Social Commentary: Returning to NZ – Our identity – Brand Mika – Brand Maori



NYC, Paris, London, Ponsonby. Nah doesn’t sound right does it?
AUCKLAND is her own city. Embracing difference would give her an edge. Sadly in my travels I’ve discovered that many countries have hot thermal pools, majestic mountains, pristine lakes, lush natural forests, and what more we aren’t the only ones marketing these.
I have felt for a long time that one of our vital points of difference is relative safety and the fact that as a whole NZer’s are pretty hospitable. Our service is crap, yet we are a pretty good bunch. Now saying we are crap is not derogatory – its true, even at a 5 star resort in NZ you might come across this scenario
YOU: “Can I have a glass of water”
SERVICE PERSON: “yea its over there in the jug 45m away” Rather than the service person actually going over to get the water for you, they nicely tell you where to go get your water. That’s not a bad thing, we are a small country – Sydney is bigger in population than our whole country.
So being small makes us more chilled, relaxed, easy going.

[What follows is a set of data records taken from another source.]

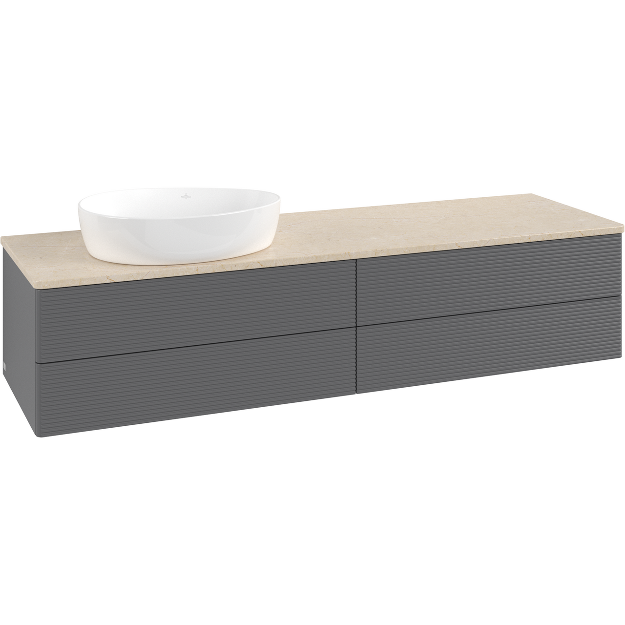 V&b antao servantskap 4 skuffer rillet 1600x360x500 venstre u/kranhull m/lys antrasitt/créme
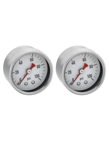 Descripción Solimeta 0-100 Psi Manómetro de Baja Presión Tamaño de Dial 1.5" (3.81 cm), Rosca 1/8" NPT, Caja de Acero Inoxidable y Componentes de Cobre - para Neumáticos de ATV, Calderas de Vapor, Compresores de Aire, Sistemas HVAC, Paquete de 2 Caja de Acero Inoxidable Duradera - Manómetro con caja y bisel de acero inoxidable resistente a la corrosión, diseñado para soportar entornos difíciles para un uso prolongado. Lente de Vidrio Claro - La cara de vidrio resistente a los arañazos asegura lecturas de presión rápidas y fáciles. Componentes de Cobre Confiables - Componentes de cobre de precisión mejoran la resistencia a la presión y la protección contra la corrosión, asegurando un rendimiento constante. Ajuste de Cobre Preciso - Conexión roscada de cobre NPT de 1/8" (0.32 cm) sella de manera segura, compatible con neumáticos de ATV, calderas, compresores y sistemas HVAC. Indicador Rojo Ajustable - El puntero rojo de aluminio móvil marca las presiones objetivo, simplificando el monitoreo para filtros de arena, bombas de pozo y más.
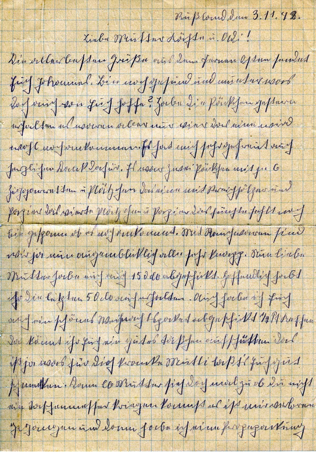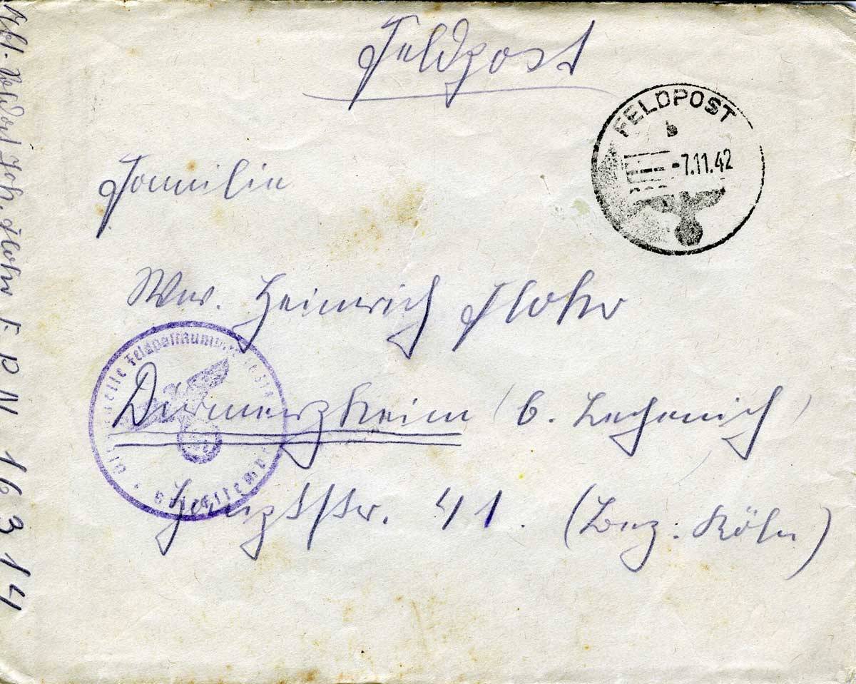 Johannes Flohr an Mutter und Geschwister, 3. November 1942
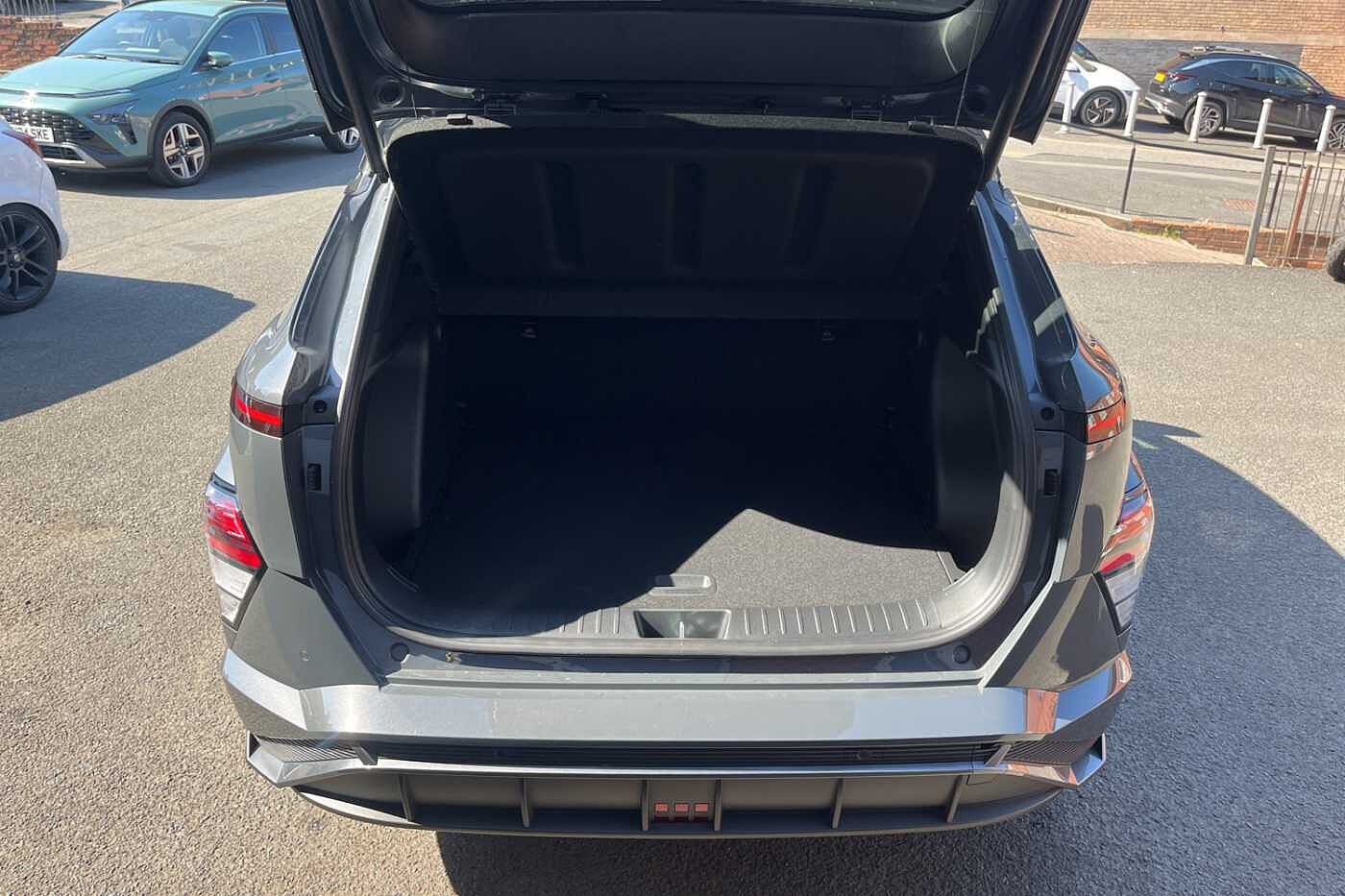 Here at Paul Rigby Hyundai Bromsgrove, we are pleased to offer this stunningly prepared all new Kona Electric 65kWh N-Line finished in the gleaming Ecotronic Grey. This Kona Electric is fitted with the long range 65 kWh battery that offers a range of 319 miles and an output of 218ps. The new Kona Electric offers a futuristic new look, an interior cabin that is spacious for all your adventures. Delivering a sporty acceleration, this model will do 0-62mph in 7.8 seconds for an exhilarating driving experience. Interior is fitted with a highly comfortable black cloth interior, drivers and front passenger seat are heated and also equipped with a heated steering wheel, perfect for winter. The boot space is a huge improvement from the previous Kona Electric, this comes in at a huge 466 litres. There is also added practicality with a front boot that has a space of 27 litres, for additional storage. Kona Electric sets a new standard within the subcompact SUV segment with fantastic smart technology as standard, such as dual 12.3' screens for the driver's cluster and infotainment system, apple car play and android auto, front and rear parking sensors, rear guidance camera, smart cruise control with stop and go, lane keep assist, smartphone wireless charging pad, forward collision avoidance assist and many more.
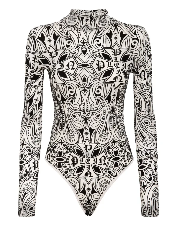 Ontdek het plezier van origineel zijn met deze romper met lange mouwen van stretch tule met een all-over print. Stretch tule Stof versierd met een all-over flockedessin Mouwuiteinden met duimgaten Hoge hals Dubbelnaalds afgewerkte randen Drukknopen

How many times when a tourist has their stuff stolen does it make headline news and we (as a collective nation) go buy them new stuff.
I want to write about NZ on global scale. We aren’t isolated anymore and people know more about us than we do before they arrive – thanks to the joys of the internet.
NZ emulating what Canada, America, Australia, UK have in architecture; shopping malls and street names doesn’t make us a unique destination.
We aren’t cheap either – no we are not.
More Maori themed buildings – Hawaii, Thailand, Tokyo even NYC have their unique stamp on who they are.
So who are we?
Come on NZ who are we?
I have heard time and time again its Maori. On one hand yes it is. However its also who we are as a people. My Pakeha sister runs a nice café in South Canterbury just south of Timaru STABLES café and bar. She doesn’t say “Kia ora” however she does greet people with the south island hospitality that we know as being part NZ.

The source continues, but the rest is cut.